ASSIGNMENT:
Once you find the line below that contains "Fast-food odaklı yiyecekleri", write it out along with every later line exactly as given, stopping only when the records end. Omit the pictures.

Records from a data source:
⁂

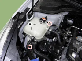 Befestigungsschraube und -mutter (A) des Ausgleichsbehälters entfernen.
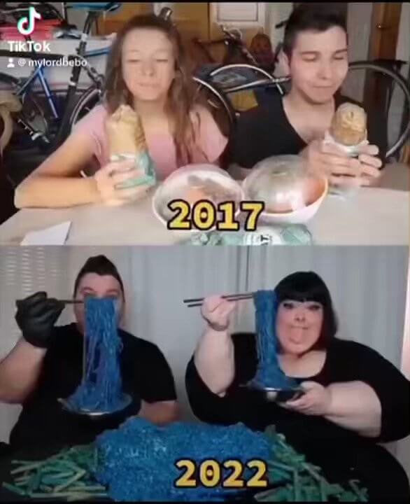 Fast-food odaklı yiyecekleri tükettikleri görüntülerini sosyal medya platformlarında yayınlayan çiftin yıllar içindeki değişimini yansıttığı iddiasıyla paylaşılan video şu şekilde:
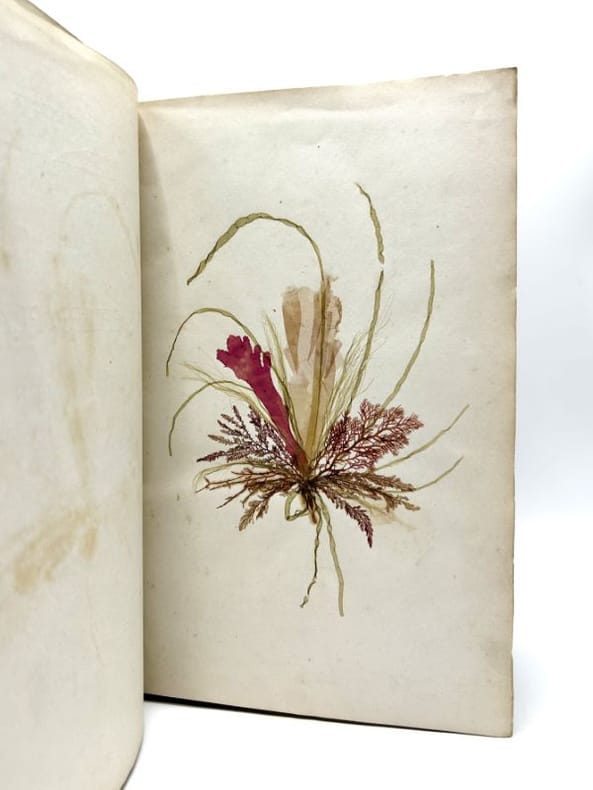 Paris auto-édité Reliure entoilée In-8, 163 pages et 50 planches de spécimens marins. Chaque exemplaire de cette première édition est unique. Composition d'algues séchées en frontispice. Le spécimen numéroté 49 bis est manquant, comme dans tous les exemplaires semble-t-il. Cartonnage un peu usé. Rare. * Voir photographie(s) / See the picture(s).
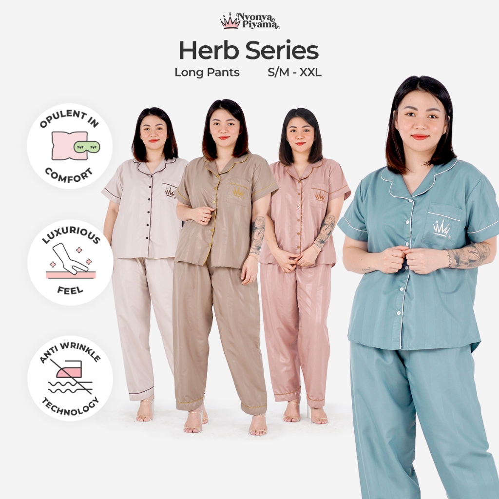 [BEST SELLER] Nyonya Piyama Poly Bamboo Set Celana Panjang (Polos Herb Series) VOL 1
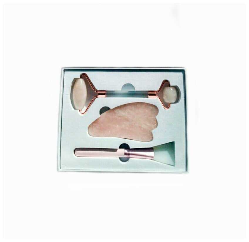 Allrest Набор для гуаша ролик+ лапка+кисть (роз. кварц) в подарочной упаковке
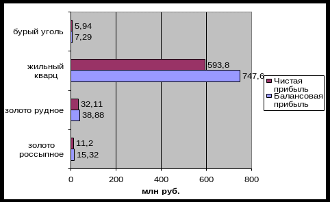 Ниже в таблице 3 приводятся результаты оценки отдельных месторождений и видов полезных ископаемых. Экономические показатели приведены за 2007 год и наглядно показаны на рисунках 2, 3 и 4. Расчет экономических показателей проводиться по следующим формулам:

⁂

TASK RESPONSE:
 Fast-food odaklı yiyecekleri tükettikleri görüntülerini sosyal medya platformlarında yayınlayan çiftin yıllar içindeki değişimini yansıttığı iddiasıyla paylaşılan video şu şekilde:
 Paris auto-édité Reliure entoilée In-8, 163 pages et 50 planches de spécimens marins. Chaque exemplaire de cette première édition est unique. Composition d'algues séchées en frontispice. Le spécimen numéroté 49 bis est manquant, comme dans tous les exemplaires semble-t-il. Cartonnage un peu usé. Rare. * Voir photographie(s) / See the picture(s).
 [BEST SELLER] Nyonya Piyama Poly Bamboo Set Celana Panjang (Polos Herb Series) VOL 1
 Allrest Набор для гуаша ролик+ лапка+кисть (роз. кварц) в подарочной упаковке
 Ниже в таблице 3 приводятся результаты оценки отдельных месторождений и видов полезных ископаемых. Экономические показатели приведены за 2007 год и наглядно показаны на рисунках 2, 3 и 4. Расчет экономических показателей проводиться по следующим формулам:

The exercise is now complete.